COVERT (hidden, subtle, implicit)
• What is covert advertising? – The more subtle form of advertising that does not involve any
direct selling of a product, service or idea.
• Covert techniques – Product Placement; Sponsorship; Plugging; Promotional Plugging;
Viral advertising (the net).
For both overt and covert advertising, you must be able to refer to specific examples when
discussing techniques and strategies. For example, The British Heart Foundation’s use of
shock-tactics or Coke Zero’s use of stereotypes and viral marketing.
MARKETING THEORY AND PRACTICE
Points for consideration:
• Product, Price, Place, and Promotion; What is the importance of these aspects when
producing a campaign? What stages do marketers go through when manufacturing a
campaign?
• The Aida Theory – Attract attention; Arouse Interest; Create desire; Make the consumer
active.
• Social Discourse – When an event, product, person etc. is given exposure by the media, it
often becomes part of society for whatever period of time. It is talked about, deconstructed
and evaluated until it either established itself into society or fades away. Many events,
products etc. (such as Spider-Man 3) saturate the media and become part of our everyday
lives. The media therefore have the power to create a social discourse surrounding the
product.
• Vortex of publicity – Can be referred to as mutual masturbation. When a magazine
promotes a good or service, consider what else will receive positive publicity from it. E.g. a
specialist issue of a magazine promoting a blockbuster film is also creating positive
publicity for itself, the actors involved, the advertisers who have placed ads in the piece etc.

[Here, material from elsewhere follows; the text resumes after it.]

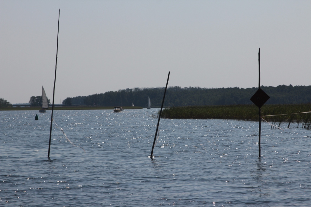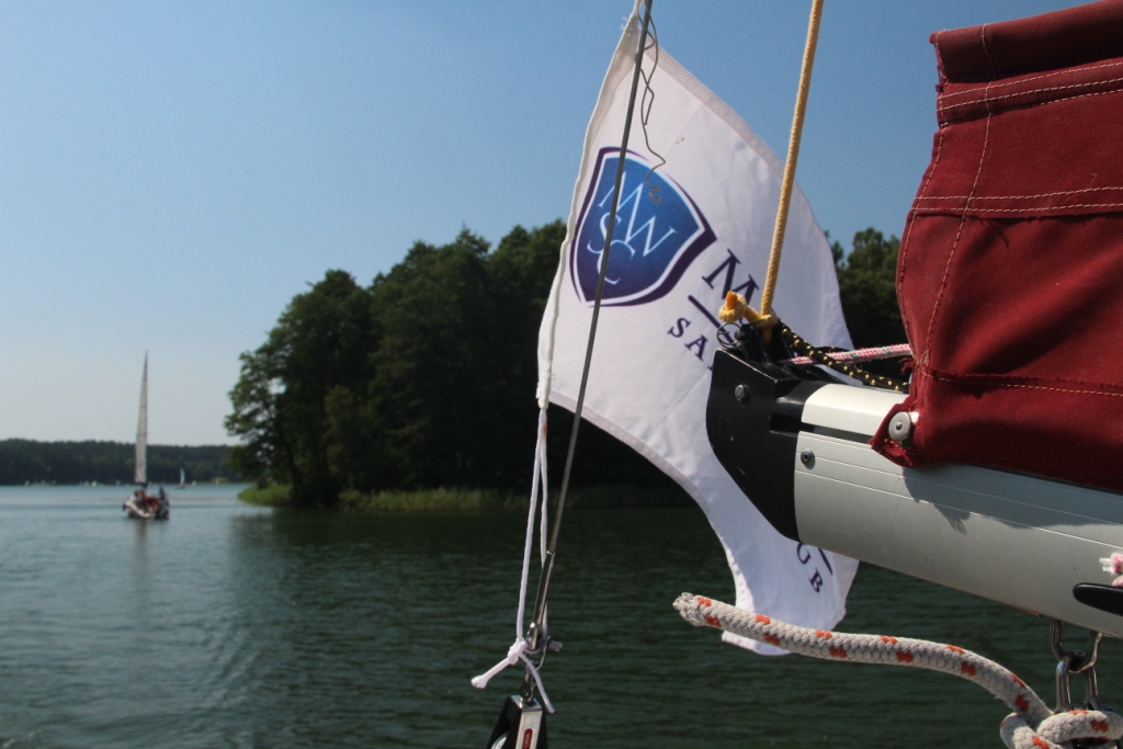 Główny szlak był bardzo zatłoczony – mnóstwo żeglarzy pływa w weekend, natomiast za wyspami było mało łódek. Wiatr w porywach osiągał 5, więc żeglowało się bardzo miło. Niestety po kilkudziesięciu minutach dopłynęliśmy w okolice ośrodka AWF, gdzie ściągnęliśmy żagle i dalszą część drogi pokonaliśmy już na silniku. I tak o to w Pięknej Górze zakończył się nasz krótki rejs. Tu także pożegnaliśmy się z Czarną Łapą.
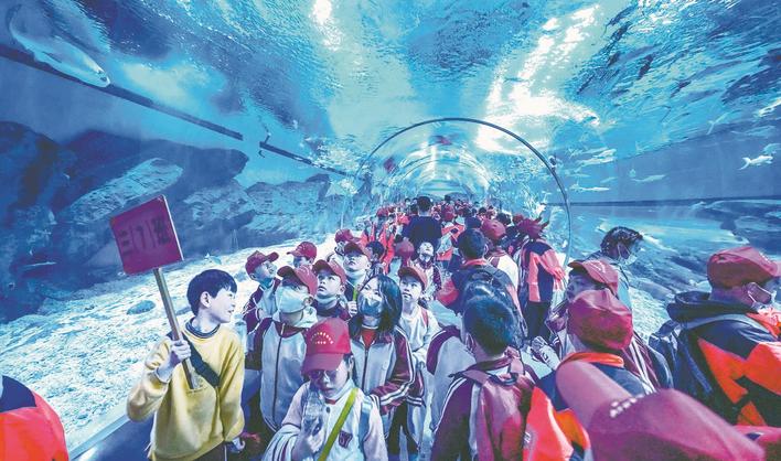 Photo taken on March 31 shows the Wuhan Polar Ocean Park which is visited by more than 40,000 students on the day.

Think of it as a hierarchy of publicity.
3. PUBLIC RELATIONS
Points for consideration
• Definition of PR – A form of promotion and or management in which the public perception
of a client/product is manipulated to promote a more positive or favourable image without
actually appearing to do so. Can also be used to promote an unfavourable image
• Objective of PR – generate awareness; attract media interest and attention; manipulate
public perceptions.
• Common Techniques – Press releases; promotional stories; photo opportunities; publicity
stunts; leaking stories.
• Critiques – Blurs the distinction between news and publicity; Pushes the Media towards
lifestyle reporting; misleading the general public.

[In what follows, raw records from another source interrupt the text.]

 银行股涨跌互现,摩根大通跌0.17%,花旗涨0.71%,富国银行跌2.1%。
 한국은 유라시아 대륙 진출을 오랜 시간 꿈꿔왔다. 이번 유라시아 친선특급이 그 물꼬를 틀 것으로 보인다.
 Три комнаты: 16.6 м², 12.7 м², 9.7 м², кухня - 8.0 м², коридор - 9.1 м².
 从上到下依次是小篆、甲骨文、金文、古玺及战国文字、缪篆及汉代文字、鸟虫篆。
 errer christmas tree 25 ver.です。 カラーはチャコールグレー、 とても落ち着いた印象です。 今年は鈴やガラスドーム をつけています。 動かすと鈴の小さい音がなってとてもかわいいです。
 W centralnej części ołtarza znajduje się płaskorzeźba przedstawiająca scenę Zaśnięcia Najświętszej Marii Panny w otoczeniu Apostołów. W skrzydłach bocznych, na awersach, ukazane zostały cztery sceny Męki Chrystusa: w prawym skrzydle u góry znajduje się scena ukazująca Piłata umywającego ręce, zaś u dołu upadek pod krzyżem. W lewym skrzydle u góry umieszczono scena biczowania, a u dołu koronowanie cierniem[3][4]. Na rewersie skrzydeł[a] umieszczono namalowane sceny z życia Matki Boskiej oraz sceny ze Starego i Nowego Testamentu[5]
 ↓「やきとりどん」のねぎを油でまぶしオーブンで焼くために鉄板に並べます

• Spin-doctor – someone who seeks to influence media coverage of a person, organisation,
event in the best possible light. Commonly used within politics. Main techniques employed
include agenda setting, publicity events and stunts, releasing good news at key times.
BRANDS
Points for consideration:
• What is a brand? – Not a product!!! An ‘umbrella’ name under which many other goods are
marketed e.g. Coca-cola, Nike.
• Importance of image when constructing brand identity.
• Advantages of brands – Consumers expect the same quality so are more likely to purchase
from that brand; connection with certain ideologies and lifestyles; acts as assurance.

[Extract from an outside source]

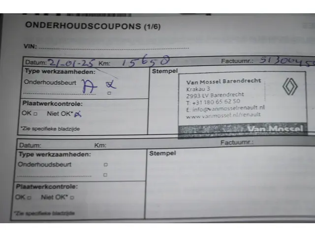- Onderhoudsboekje (fysiek)

• Disadvantages of brands – More expensive due to advertising excesses; image and
lifestyle behind brand name are often constructed to hide corruption.
• Give examples of brands and the techniques and strategies they use e.g. Dove’s
empowering ‘Reality advertising’ campaign.
For the advertising and marketing topic, you must also be clearly relating each example back to
theories and issues of audience. Remember, advertisers and marketers always have a target
audience in mind and use the above techniques and strategies in order to manipulate them.
You therefore must consider:
• Audiences are generally segmented through quantitative and qualitative market
research.
• Quantitative market research = concerned with numbers and broad categories e.g.
socio-economic groups, geodemographics.
• Qualitative market research = concerned with lifestyle, attitudes, values and beliefs
e.g. psychographic profiling (VALS).
• Maslow’s hierarchy of needs.
• Uses and Gratifications model (Blumler and Katz 1974) – Audience are active
consumers who may use the media to satisfy their surveillance, personal identity,
personal relationships or diversion needs.